◆ Your assignment
Using the records below, quote only the span that opens with the line containing "portrait of two" and closes with the line containing "Pink and coral", exactly and inclusively.

Top of Data to process

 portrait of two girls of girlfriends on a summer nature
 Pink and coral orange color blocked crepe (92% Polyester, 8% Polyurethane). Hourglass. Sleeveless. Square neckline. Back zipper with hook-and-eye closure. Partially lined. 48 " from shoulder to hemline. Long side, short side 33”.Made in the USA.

Bottom of Data to process
Top of Data to process

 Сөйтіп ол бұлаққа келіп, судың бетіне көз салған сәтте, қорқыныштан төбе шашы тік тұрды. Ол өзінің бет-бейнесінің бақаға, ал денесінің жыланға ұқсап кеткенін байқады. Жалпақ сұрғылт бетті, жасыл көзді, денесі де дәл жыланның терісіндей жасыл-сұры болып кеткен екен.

Bottom of Data to process

◆ Written answer
 portrait of two girls of girlfriends on a summer nature
 Pink and coral orange color blocked crepe (92% Polyester, 8% Polyurethane). Hourglass. Sleeveless. Square neckline. Back zipper with hook-and-eye closure. Partially lined. 48 " from shoulder to hemline. Long side, short side 33”.Made in the USA.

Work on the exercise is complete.